Pictures must be dropped from the copy of the entries below; all else is returned exactly.

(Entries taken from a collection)
********************

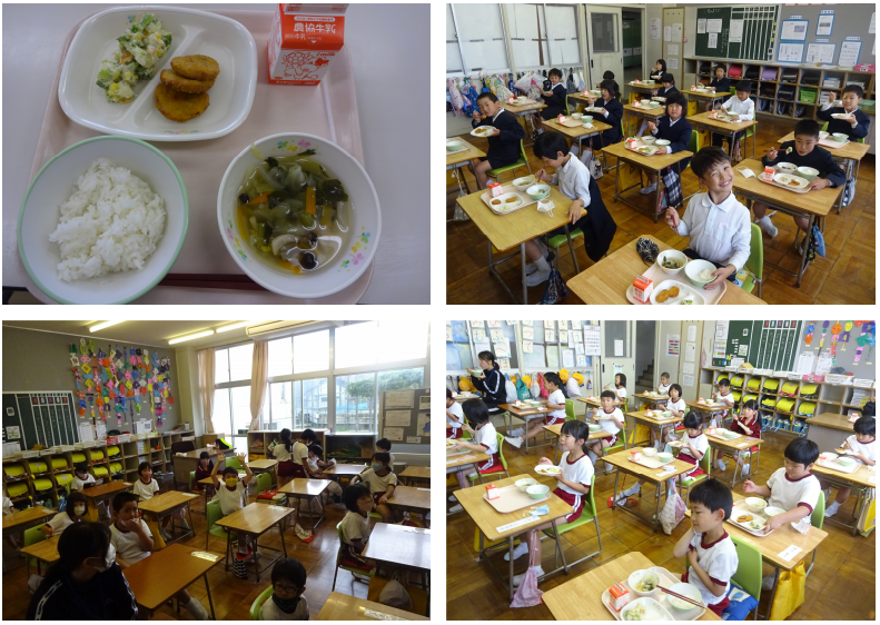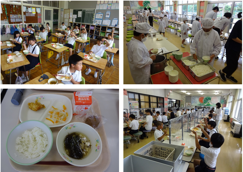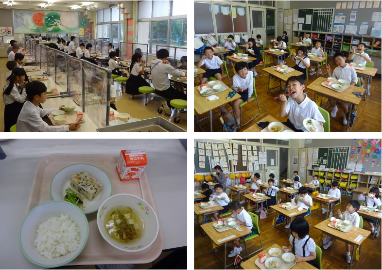 左上の写真は3年生の量の給食です。残さず食べることができています。
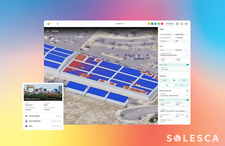 Solesca is a pre-CAD solution for solar energy for C&I and ground-mount projects. Non-technical solar developers can make layouts in a few minutes and generate accurate energy estimates.
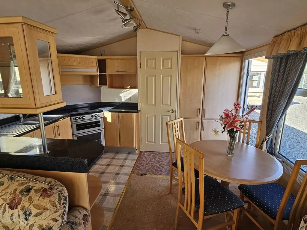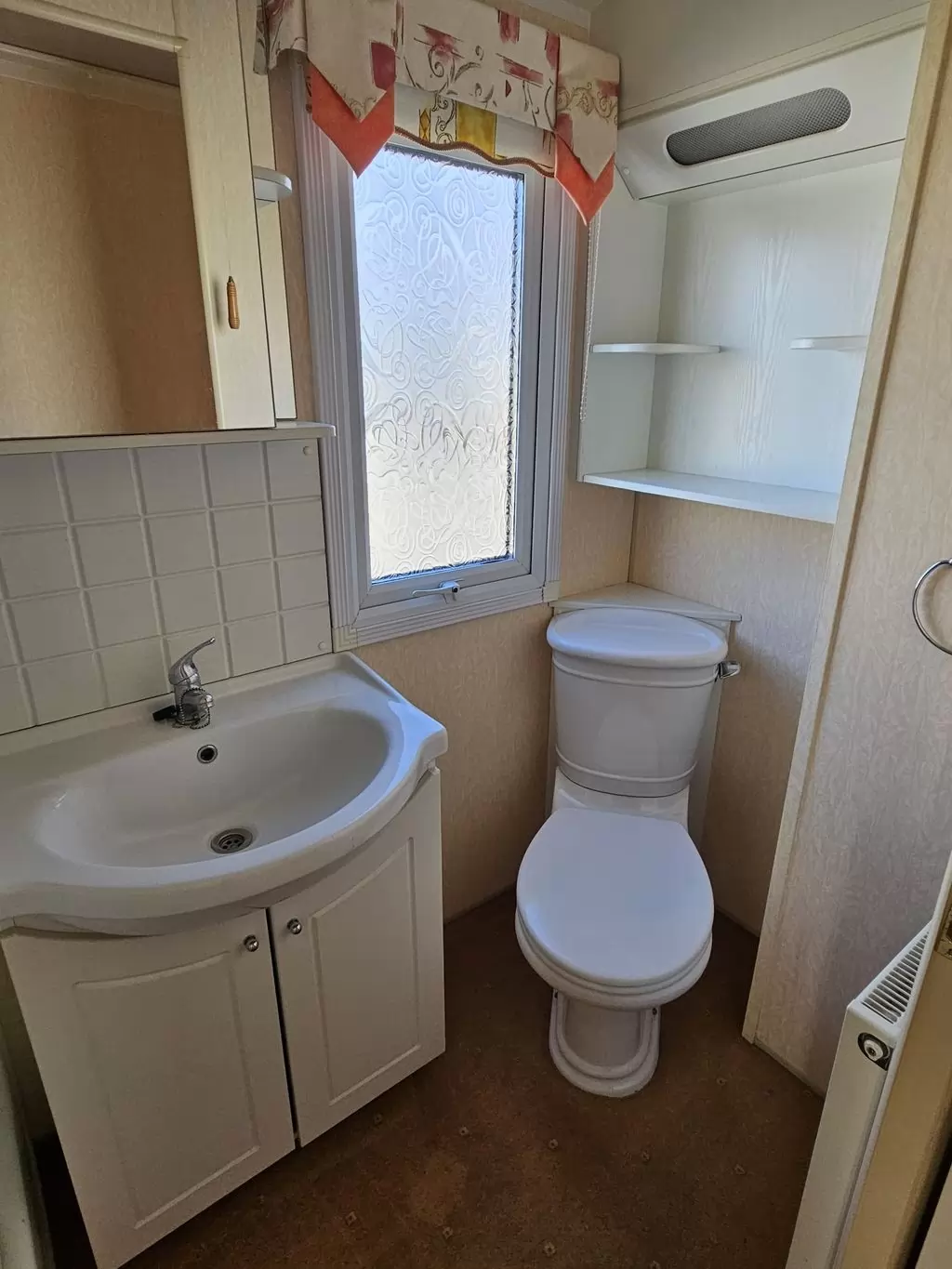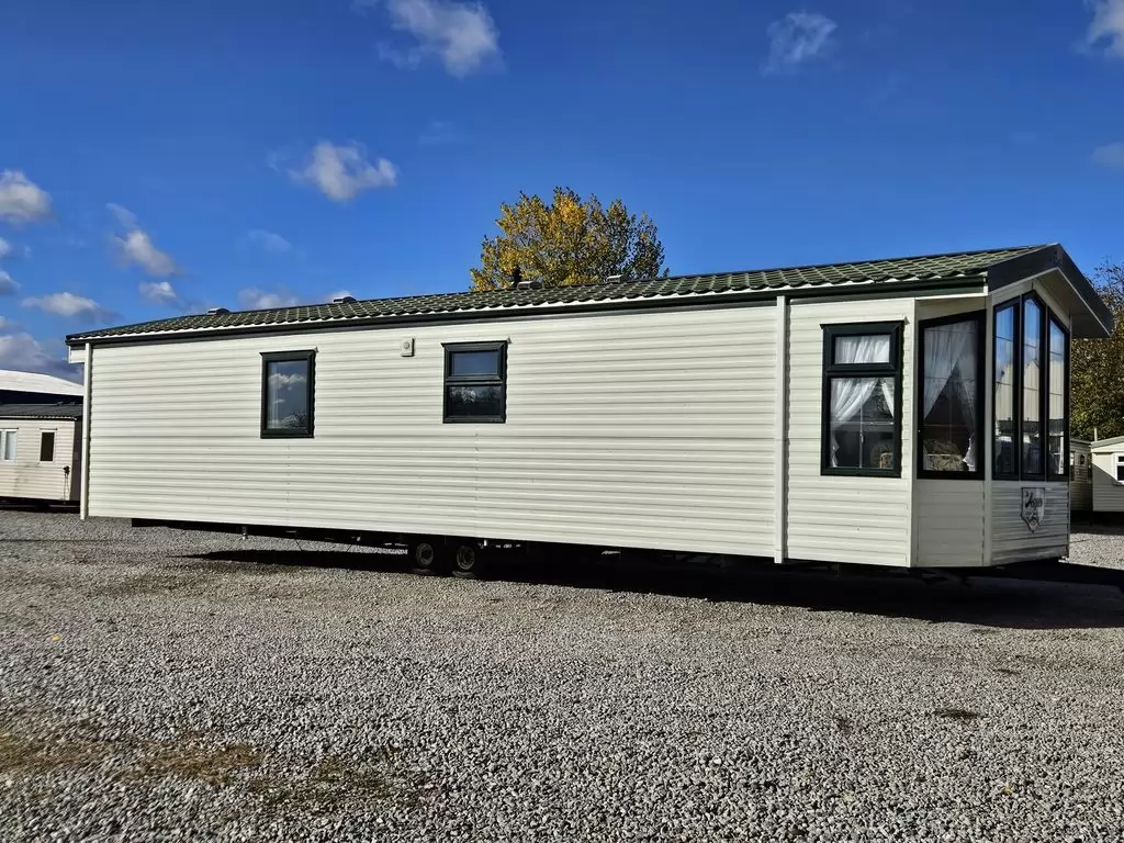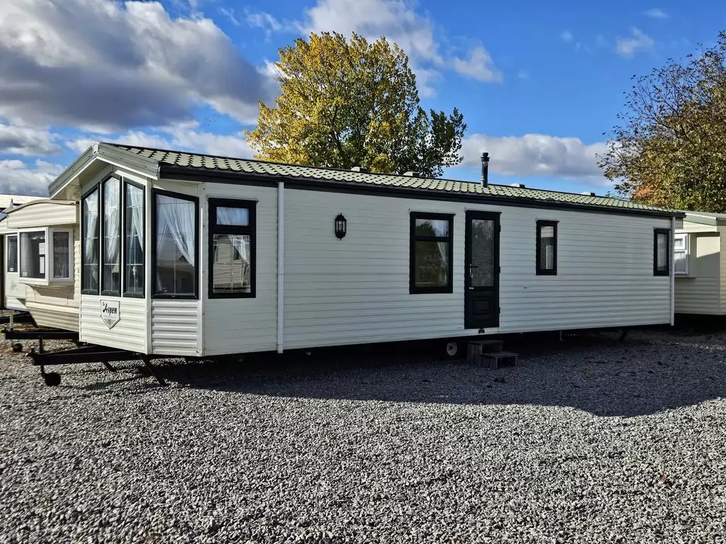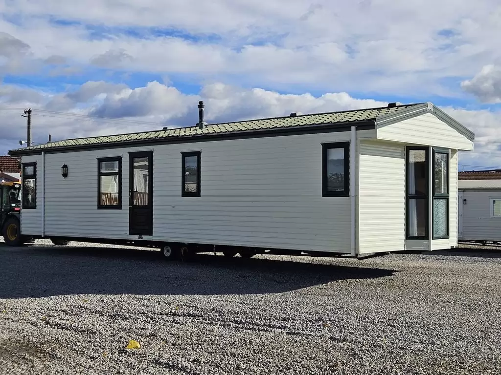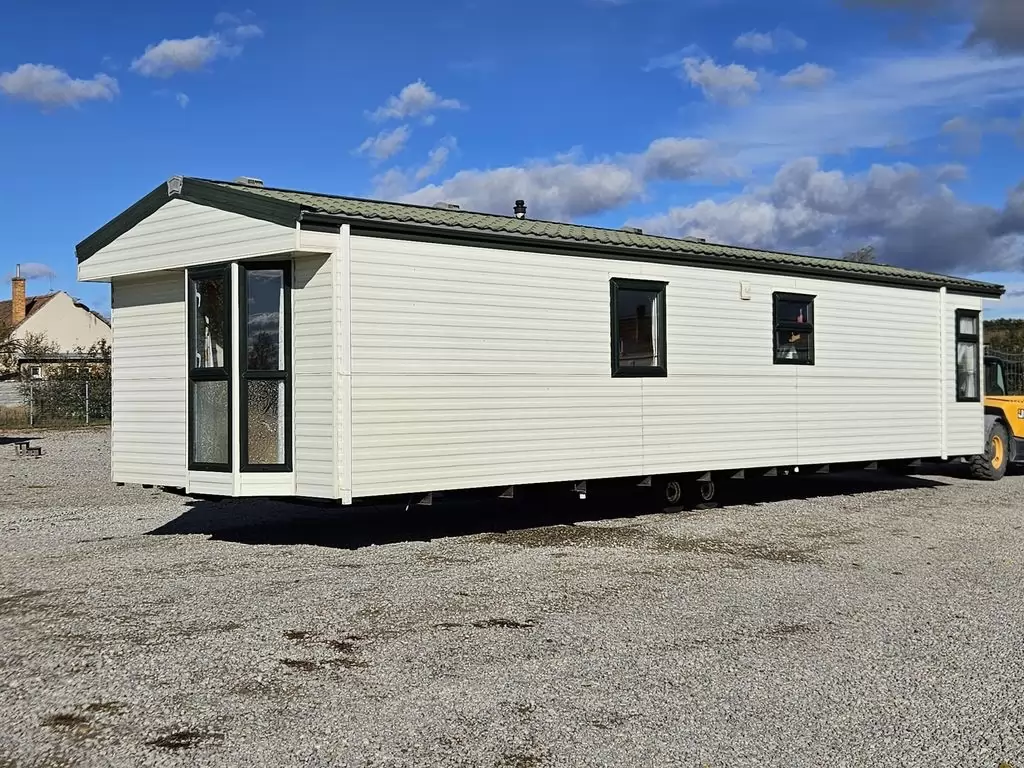Extra breites, schönes, sauberes, voll ausgestattetes Mobilheim 11,8 x 3,7 m mit einem Eingang, HAMMERDACH, DOPPELTE (isolierte) FENSTER UND TÜREN – Dithermie, ZENTRALHEIZUNG – Gaskessel + Heizkörper in allen Zimmern + elektrischer Kamin im Wohnzimmer. Wohnzimmer (Schlafsofa), Essbereich, U-förmige Küche inkl. Geräte, Schlafzimmer (Doppelbett) + Toilette mit Waschbecken, Zimmer (2 Betten), Badezimmer mit Dusche + Toilette. Erhöhte Decke im gesamten Mobilheim!!
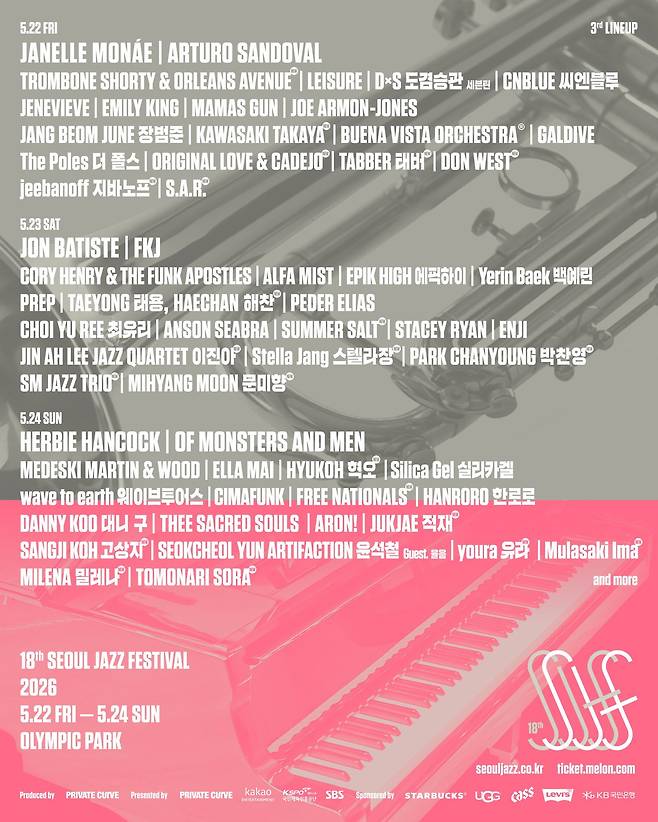 '제18회 서울재즈페스티벌 2026(The 18th Seoul Jazz Festival 2026)(이하 서재페)'이 3차 라인업 22팀을 발표했다.
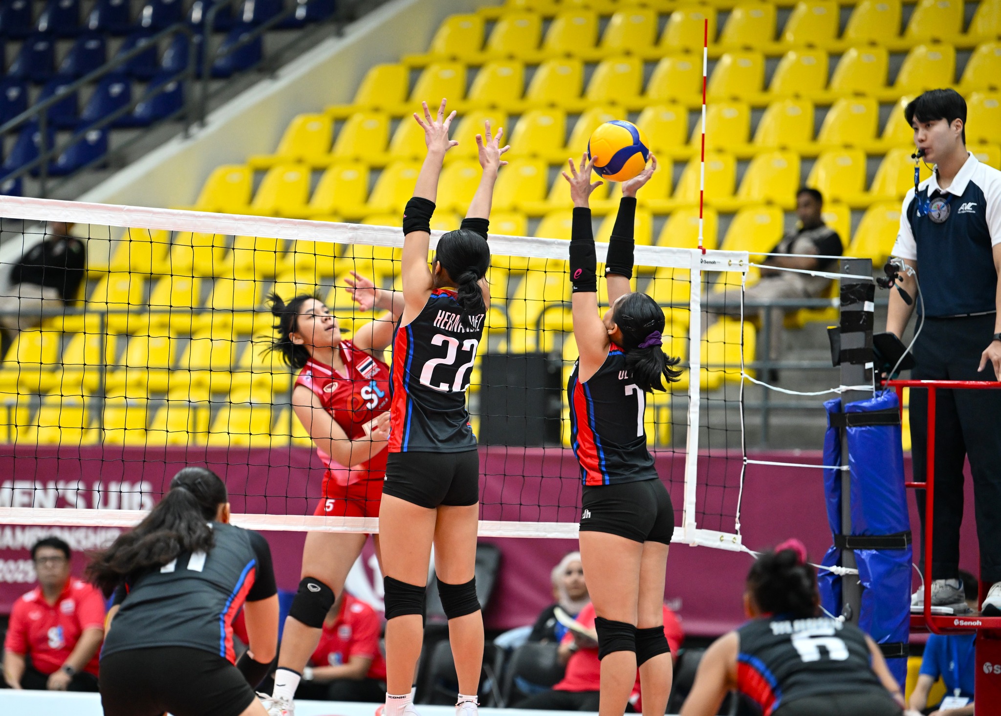 The Thailand U16 women's volleyball team (in red) was defeated 1-3 by the Philippines.
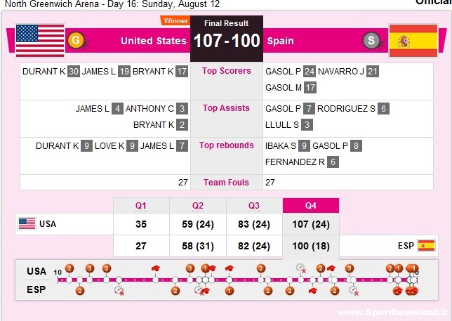 در جریان این دیدار، تیم ملی آمریکا در کوارتر اول با نتیجه ۳۵ بر ۲۷ به پیروزی رسید اما کوارتر دوم را با نتیجه ۲۴ بر ۳۱ واگذار کرد. نتیجه دیدار دو تیم آمریکا و اسپانیا در کوارتر سوم به تساوی ۲۴ بر ۲۴ انجامید اما آمریکا با پیروزی ۲۴ بر ۱۸ که در کوارتر چهارم بدست آورد، برنده نهایی این بازی شد. به کاربران محترم اسپرت دانلود پیشنهاد می کنم این فینال فوق العاده دیدنی رو از دست ندید.
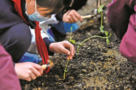 3月23日,嘉興一學(xué)校種植園,學(xué)生們在各班的“責(zé)任田”里忙著種植各種蔬菜和花卉。學(xué)校希望通過豐富多彩的種植活動,讓孩子們在親近植物、探究植物的過程中,提升綜合探究學(xué)習(xí)能力,同時也更好地推進學(xué)?!半p減”政策的落地。(馮玉坤)
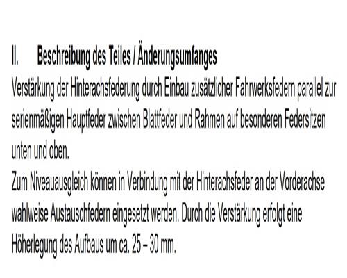 Durch die Verstärkung erfolgt eine Höherlegung des Aufbausan Achse-2 (HA)um ca. 25-30mm *
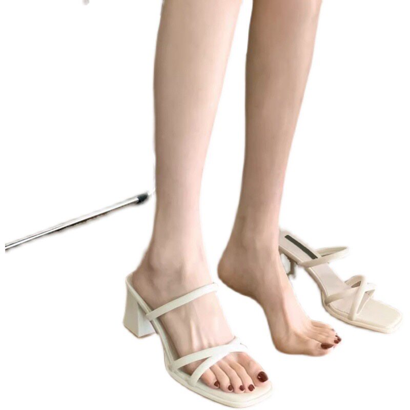 拖鞋女夏季外穿2026新款夏季小众高级感百搭配裙子粗跟高跟凉拖
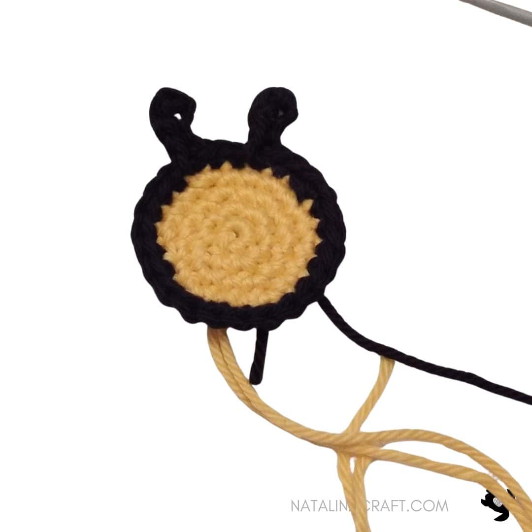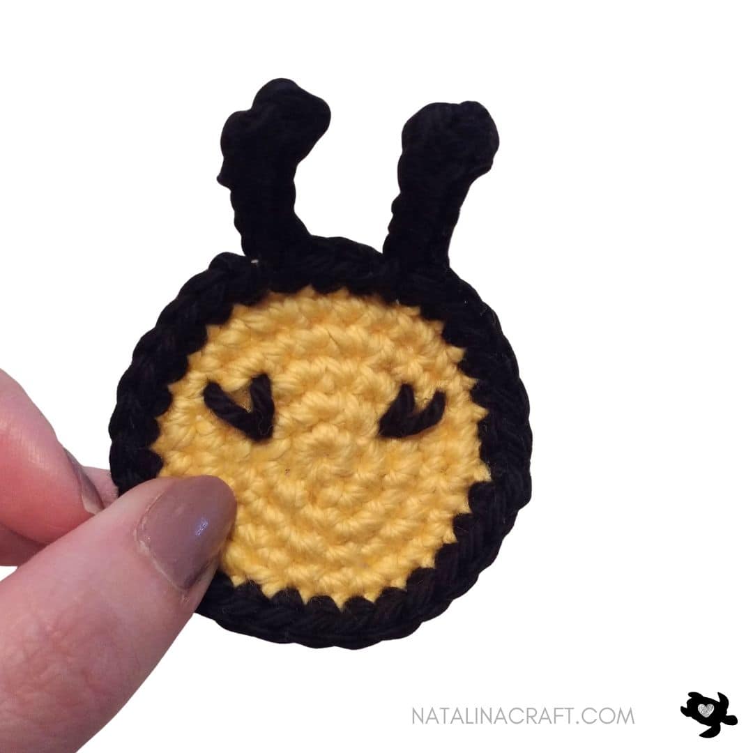 • Male bee: Eyes between Rounds 2–3, spaced 3 stitches apart. Embroider eyebrows and mouth.
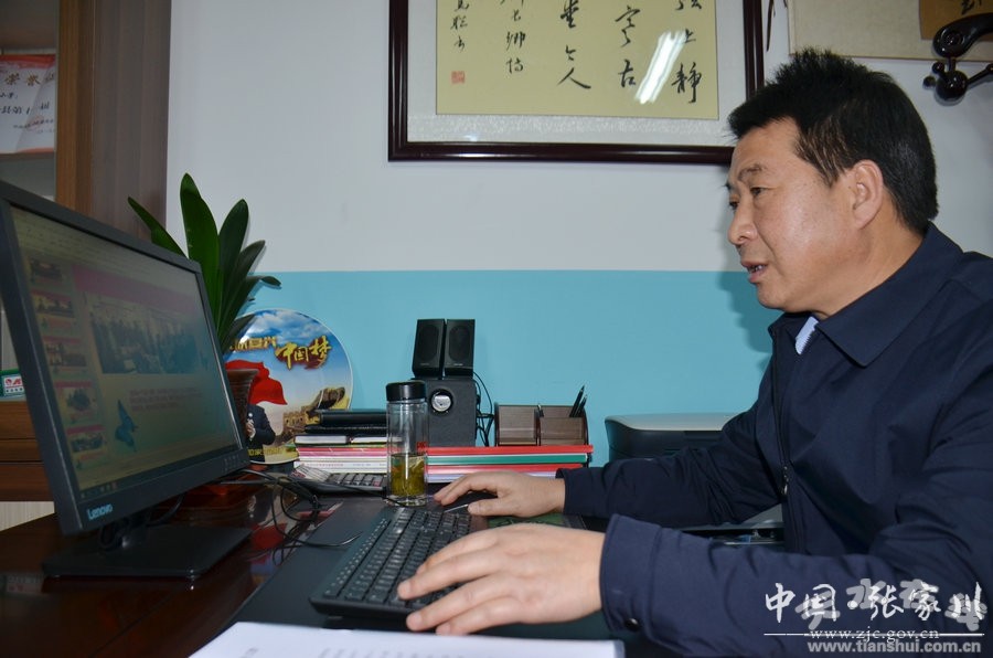 (马玉忠在电脑上制作上磨小学幻灯片)
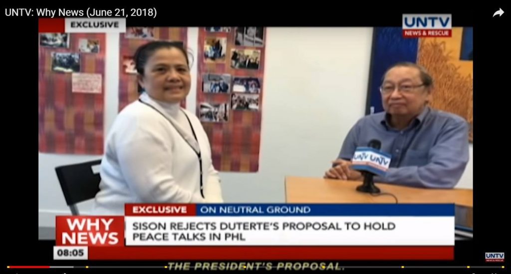 Naniniwala si CPP Founder Joma Sison na dapat ay sa ibang bansa gawin ang peace talks alinsunod sa nakasaad sa Joint Agreement on Safety and Immunity Guarantee (JASIG)
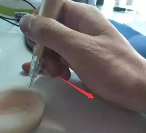 很多纹绣师在操作仿真眉的时候,都是有个人的操作技巧。通常来说,大部分纹绣师的习惯则是利用小拇指作为支撑点,以手腕发力带动针头走向。
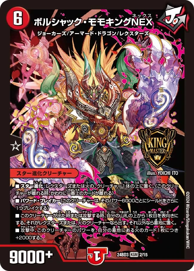 KM1/KM3, 1S/20, 1B/20 — King Master Card DMEX-19 Master Final Memorial Pack M㊙︎1/M㊙︎10 — King Master Card DM24-BD3 Dream Saga Deck: Book of Momoking 2/15 — King Master Card DM25-RP1 Jashin Versus Jashin: ~Soul of the Abyss~ SP1/SP5 — King Master Card Promotional CP3a/Y20 — King Master Card | |

********************

# Finished exercise
 左上の写真は3年生の量の給食です。残さず食べることができています。
 Solesca is a pre-CAD solution for solar energy for C&I and ground-mount projects. Non-technical solar developers can make layouts in a few minutes and generate accurate energy estimates.
Extra breites, schönes, sauberes, voll ausgestattetes Mobilheim 11,8 x 3,7 m mit einem Eingang, HAMMERDACH, DOPPELTE (isolierte) FENSTER UND TÜREN – Dithermie, ZENTRALHEIZUNG – Gaskessel + Heizkörper in allen Zimmern + elektrischer Kamin im Wohnzimmer. Wohnzimmer (Schlafsofa), Essbereich, U-förmige Küche inkl. Geräte, Schlafzimmer (Doppelbett) + Toilette mit Waschbecken, Zimmer (2 Betten), Badezimmer mit Dusche + Toilette. Erhöhte Decke im gesamten Mobilheim!!
 '제18회 서울재즈페스티벌 2026(The 18th Seoul Jazz Festival 2026)(이하 서재페)'이 3차 라인업 22팀을 발표했다.
 The Thailand U16 women's volleyball team (in red) was defeated 1-3 by the Philippines.
 در جریان این دیدار، تیم ملی آمریکا در کوارتر اول با نتیجه ۳۵ بر ۲۷ به پیروزی رسید اما کوارتر دوم را با نتیجه ۲۴ بر ۳۱ واگذار کرد. نتیجه دیدار دو تیم آمریکا و اسپانیا در کوارتر سوم به تساوی ۲۴ بر ۲۴ انجامید اما آمریکا با پیروزی ۲۴ بر ۱۸ که در کوارتر چهارم بدست آورد، برنده نهایی این بازی شد. به کاربران محترم اسپرت دانلود پیشنهاد می کنم این فینال فوق العاده دیدنی رو از دست ندید.
 3月23日,嘉興一學(xué)校種植園,學(xué)生們在各班的“責(zé)任田”里忙著種植各種蔬菜和花卉。學(xué)校希望通過豐富多彩的種植活動,讓孩子們在親近植物、探究植物的過程中,提升綜合探究學(xué)習(xí)能力,同時也更好地推進學(xué)?!半p減”政策的落地。(馮玉坤)
 Durch die Verstärkung erfolgt eine Höherlegung des Aufbausan Achse-2 (HA)um ca. 25-30mm *
 拖鞋女夏季外穿2026新款夏季小众高级感百搭配裙子粗跟高跟凉拖
 • Male bee: Eyes between Rounds 2–3, spaced 3 stitches apart. Embroider eyebrows and mouth.
 (马玉忠在电脑上制作上磨小学幻灯片)
 Naniniwala si CPP Founder Joma Sison na dapat ay sa ibang bansa gawin ang peace talks alinsunod sa nakasaad sa Joint Agreement on Safety and Immunity Guarantee (JASIG)
 很多纹绣师在操作仿真眉的时候,都是有个人的操作技巧。通常来说,大部分纹绣师的习惯则是利用小拇指作为支撑点,以手腕发力带动针头走向。
 KM1/KM3, 1S/20, 1B/20 — King Master Card DMEX-19 Master Final Memorial Pack M㊙︎1/M㊙︎10 — King Master Card DM24-BD3 Dream Saga Deck: Book of Momoking 2/15 — King Master Card DM25-RP1 Jashin Versus Jashin: ~Soul of the Abyss~ SP1/SP5 — King Master Card Promotional CP3a/Y20 — King Master Card | |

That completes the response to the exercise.